Each line of the listing, apart from the pictures, is to be printed exactly.

Supplied information:
◆ ◆ ◆ ◆ ◆
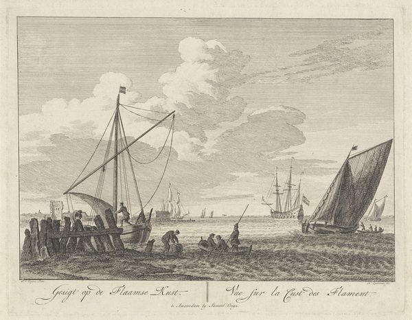 Curator: Here we have "Scene on the French Coast," etched by J.M.W. Turner in 1807, as part of his ambitious "Liber Studiorum" project. It exemplifies the romantic landscape tradition. Editor: Ooh, I get a slightly melancholy vibe immediately. The sepia tones give it such a dreamy, almost wistful feel, like looking at a faded memory of a place long gone. Curator: Exactly! Turner envisioned this series to categorize landscape painting—historical, architectural, pastoral, marine, mountainous, and epic. Think of it as Turner creating his own artistic canon. This particular image blends elements of history painting with a tranquil marine setting, so the epic feel would make sense to the time period. Editor: Well, you can practically smell the saltwater air! Look at those boats – there's a real story in that gathering, something happening, or about to. Almost feels staged, doesn't it? Curator: "Liber Studiorum," meaning Book of Studies, demonstrates Turner's focus on tonal relationships and the inherent drama found in nature. It was meant to assert the landscape's claim to the same intellectual weight as history painting during a period where the Royal Academy largely prioritized history over landscapes. Editor: See, I’m just drawn to the contrasts - the rough textures of the sand and the refined lines of those soaring sails. The details with the horses and the people creates such an earthy scene on what looks to be an ethereal day at sea. It gives the viewer so many opportunities for personal stories! Curator: Indeed. This print reflects broader artistic and cultural shifts, notably the rising appreciation for landscapes and their connection to national identity. Turner helped promote a growing appreciation for landscape as something that should receive institutional acceptance. Editor: So in short, Turner made nature something fancy enough to go in a museum! I’ll buy that – it made an artist out of me, too. Curator: I suppose you could say that! It is truly an innovative fusion of natural observation and artistic idealization! Thank you for your perspectives. Editor: My pleasure! This piece made my imagination float right out to sea.
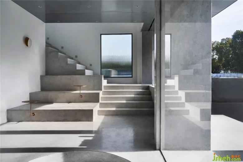 階梯作為連接三層空間的主要路徑,承擔(dān)著三維坐標(biāo)軸的角色。長方體塊的直向運(yùn)動(dòng)呈現(xiàn)階梯的連續(xù)狀態(tài),在這個(gè)縱向的空間里,裝修公司設(shè)計(jì)了一個(gè)鏡頭狀的圓形窗,使這個(gè)縱向路徑有了橫向的視線,同時(shí)鏡頭的形式給窗戶的功能帶來窺視感,形成趣味性的第二空間體驗(yàn)。
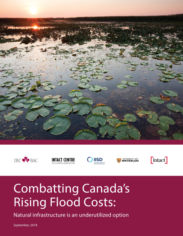 Combating Canada’s Rising Flood Costs: Natural infrastructure is an underutilized option. Prepared for Insurance Bureau of Canada. Intact Centre on Climate Adaptation, University of Waterloo Beyond the specific methods needed to assess and compare grey infrastructure against natural infrastructure options relative to their utility to mitigate risk, a framework is required that would provide guidance to those considering or opting for a natural infrastructure solution. This report presents ample evidence to suggest that efforts by governments to limit flood risk may be consistent with – and reinforce – their fiduciary responsibility to administer good governance. Flood risk is mounting across Canada from fluvial sources, such as rivers and lakes; pluvial sources, such as intense rainfall inundating urban environments; and coastal sources, such as storm surges compounded by rising sea levels. The financial impacts of climate change and extreme weather events are being felt by a growing number of homeowners and communities across Canada. The increase in P&C insurance losses is indicative of the growing costs associated with these events. These losses averaged $405 million per year between 1983 and 2008, and $1.8 billion between 2009 and 2017. Water damage is the key driver behind these growing costs. Fortunately, as documented in this report, flood risk can be limited through conservation and restoration of natural infrastructure features, such as ponds, wetlands, and vegetated areas. This report demonstrates how to quantify the benefits and costs of these natural features as a strong complement or a viable alternative to grey infrastructure option for flood mitigation. As a general “rule of thumb”, in order of preference, the most cost-effective means to mitigate flood losses utilizing natural systems is to: (i) retain what you have; (ii) restore what you’ve lost; and (iii) build what you must.
◆ ◆ ◆ ◆ ◆
Output of the task:
 Curator: Here we have "Scene on the French Coast," etched by J.M.W. Turner in 1807, as part of his ambitious "Liber Studiorum" project. It exemplifies the romantic landscape tradition. Editor: Ooh, I get a slightly melancholy vibe immediately. The sepia tones give it such a dreamy, almost wistful feel, like looking at a faded memory of a place long gone. Curator: Exactly! Turner envisioned this series to categorize landscape painting—historical, architectural, pastoral, marine, mountainous, and epic. Think of it as Turner creating his own artistic canon. This particular image blends elements of history painting with a tranquil marine setting, so the epic feel would make sense to the time period. Editor: Well, you can practically smell the saltwater air! Look at those boats – there's a real story in that gathering, something happening, or about to. Almost feels staged, doesn't it? Curator: "Liber Studiorum," meaning Book of Studies, demonstrates Turner's focus on tonal relationships and the inherent drama found in nature. It was meant to assert the landscape's claim to the same intellectual weight as history painting during a period where the Royal Academy largely prioritized history over landscapes. Editor: See, I’m just drawn to the contrasts - the rough textures of the sand and the refined lines of those soaring sails. The details with the horses and the people creates such an earthy scene on what looks to be an ethereal day at sea. It gives the viewer so many opportunities for personal stories! Curator: Indeed. This print reflects broader artistic and cultural shifts, notably the rising appreciation for landscapes and their connection to national identity. Turner helped promote a growing appreciation for landscape as something that should receive institutional acceptance. Editor: So in short, Turner made nature something fancy enough to go in a museum! I’ll buy that – it made an artist out of me, too. Curator: I suppose you could say that! It is truly an innovative fusion of natural observation and artistic idealization! Thank you for your perspectives. Editor: My pleasure! This piece made my imagination float right out to sea.
 階梯作為連接三層空間的主要路徑,承擔(dān)著三維坐標(biāo)軸的角色。長方體塊的直向運(yùn)動(dòng)呈現(xiàn)階梯的連續(xù)狀態(tài),在這個(gè)縱向的空間里,裝修公司設(shè)計(jì)了一個(gè)鏡頭狀的圓形窗,使這個(gè)縱向路徑有了橫向的視線,同時(shí)鏡頭的形式給窗戶的功能帶來窺視感,形成趣味性的第二空間體驗(yàn)。
 Combating Canada’s Rising Flood Costs: Natural infrastructure is an underutilized option. Prepared for Insurance Bureau of Canada. Intact Centre on Climate Adaptation, University of Waterloo Beyond the specific methods needed to assess and compare grey infrastructure against natural infrastructure options relative to their utility to mitigate risk, a framework is required that would provide guidance to those considering or opting for a natural infrastructure solution. This report presents ample evidence to suggest that efforts by governments to limit flood risk may be consistent with – and reinforce – their fiduciary responsibility to administer good governance. Flood risk is mounting across Canada from fluvial sources, such as rivers and lakes; pluvial sources, such as intense rainfall inundating urban environments; and coastal sources, such as storm surges compounded by rising sea levels. The financial impacts of climate change and extreme weather events are being felt by a growing number of homeowners and communities across Canada. The increase in P&C insurance losses is indicative of the growing costs associated with these events. These losses averaged $405 million per year between 1983 and 2008, and $1.8 billion between 2009 and 2017. Water damage is the key driver behind these growing costs. Fortunately, as documented in this report, flood risk can be limited through conservation and restoration of natural infrastructure features, such as ponds, wetlands, and vegetated areas. This report demonstrates how to quantify the benefits and costs of these natural features as a strong complement or a viable alternative to grey infrastructure option for flood mitigation. As a general “rule of thumb”, in order of preference, the most cost-effective means to mitigate flood losses utilizing natural systems is to: (i) retain what you have; (ii) restore what you’ve lost; and (iii) build what you must.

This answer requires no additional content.